Timing stats of live migration of a small container with 11 tasks is
- Total time ~3.5 seconds
- Frozen time ~3.0 seconds
- Pre-dump stages ~0.5 seconds each
- Restore time ~1.9 seconds
- Images transfer time ~0.3 seconds
Below is the list of issues found
Surprisingly, but the mem-drain time is not the biggest. It's "only" ~0.02 seconds. There are places in code that take longer.
parse_smaps
[edit]
Time spent in this routine is up to 0.2 seconds on dump. This one exploits /proc heavily.

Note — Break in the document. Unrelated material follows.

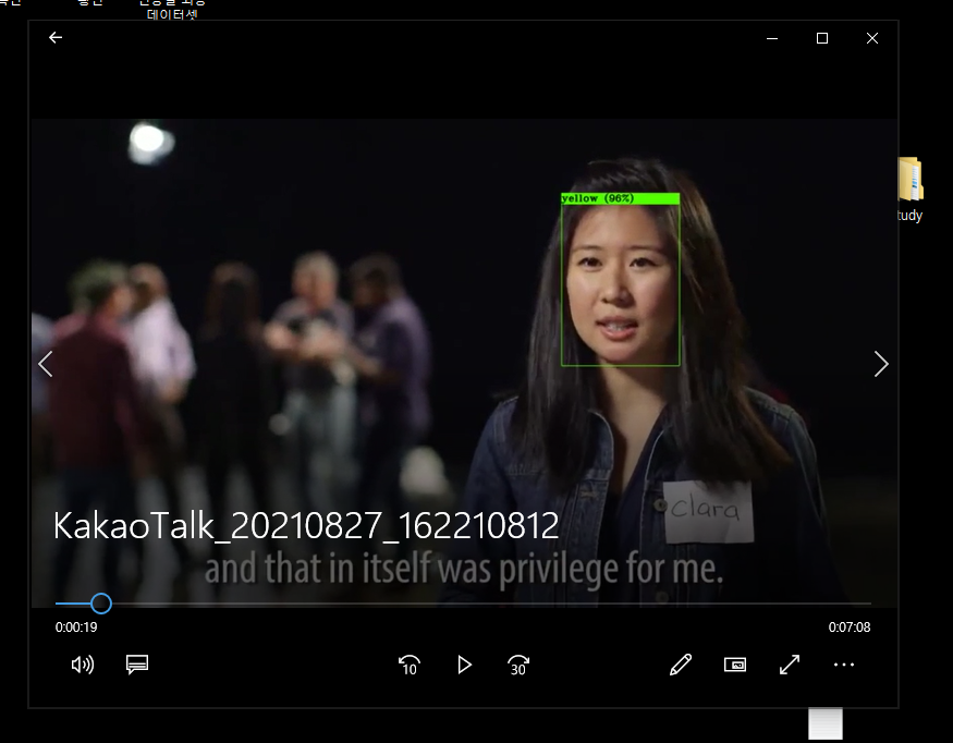 팀원 분 중 한분께서 비정삼회담 영상을 이용해서 만드신 것도 있는데 그건 나중에서야 결과가 나오긴했지만 꽤나 잘 인식했다. 그리고 한 강사님께서 마이클잭슨 영상을 추천해주셨는데 캐빈이 머리를 너무 흔들어서 인식이 잘안됬다. 그리고 검정말들이 나오면서 흑인으로 인식하는 바람에 그냥 빼버렸다.

For a container with 11 tasks the syscall stats look like
834 read
1451 fstat
1462 close
1642 openat
while opens and stats happen on
193 openat(4, "map-symlink", O_RDONLY) = -1 ENOENT (No such file or directory)
1438 openat(4, "map-symlink", O_RDONLY) = 5
11 openat(AT_FDCWD, "/proc/$pid/map_files", O_RDONLY|O_NONBLOCK|O_DIRECTORY|O_CLOEXEC) = 4
Restore[edit]
Fork vs VMA restore[edit]
We restore task's mappings before it goes forking to handle COW. This effectively serializes forking.
Restoring VMAs[edit]
There are 4 stages in VMA restore. Relative times of each are below
- Reading images 1%
- Mapping huge premap area << 1%
- (Re-)mapping sub-areas 73%
- Filling area with data 26%
The 3rd stage has two parts. With timings:
- Opening filemap fd 85%
- Maping vma 15%
Opening files for mappings[edit]
The get_filemap_fd()
opens new fd every time. If a file is mapped several
times (e.g. -- a library) we can share one fd for that.
Staging[edit]
When restoring a single task CRIU uses stages of restoring which slows things down. Need either special-care the single task restore, or introduce fine-grained locking for such things.